CQB Seminar- Maria Brbic, PhD- EPFL

Join the CQB for our seminar series, featuring our first guest speaker of the semester: Dr. Maria Brbic.

Maria Brbic (https://brbiclab.epfl.ch/) is an Assistant Professor of Computer Science and of Life Sciences at the Swiss Federal Institute of Technology, Lausanne (EPFL). She develops new machine learning methods and applies her methods to advance biology and biomedicine. Her methods have been used by global cell atlas consortia efforts aiming to create reference maps of all cell types with the potential to transform biomedicine, including the Human BioMolecular Atlas Program (HuBMAP) and Fly Cell Atlas consortium. Prior to joining the EPFL faculty in 2022, Maria was a  postdoctoral fellow at Stanford University, Department of Computer Science, and was a member of  the Chan Zuckerberg Biohub at Stanford. Maria received her Ph.D. from University of Zagreb in 2019 while also researching at Stanford University as a Fulbright Scholar and University of Tokyo.

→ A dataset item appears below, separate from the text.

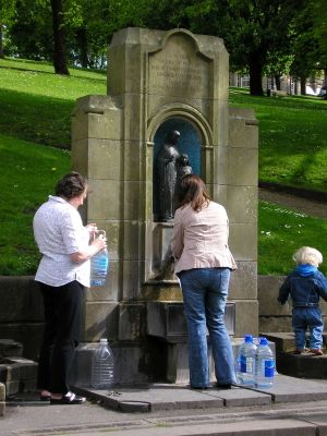 Visitors can collect free spring water directly from the source, located at the base of The Slopes opposite The Crescent and Natural Baths.

Among other awards and recognitions, she was named a Rising Star in EECS by MIT in 2021, she received the Early Career Bioinformatics Award by SIB in 2023 and she was awarded with the SNSF Starting Grant in 2024.

Abstract:

We are witnessing an AI revolution. At the heart of this revolution are generative AI models that, powered by advanced architectures and large datasets, are transforming AI across a variety of disciplines. But how can AI facilitate and eventually enable groundbreaking discoveries in life sciences? How can it bring us closer to understanding biology – the functions of our cells, their alterations in diseases, and variations across species? In the first part of the talk, I will present AI methods that build upon protein foundation models and enable us to learn cell representations across single-cell RNA-seq datasets from different species. Next, I will demonstrate how generative AI can uncover spatial relationships between cells, enabling the reassembly of tissues from dissociated single cells. Finally, I will discuss the future of discovery in the era of generative AI and foundation models, highlighting the paradigm shift in machine learning required to revolutionize biology.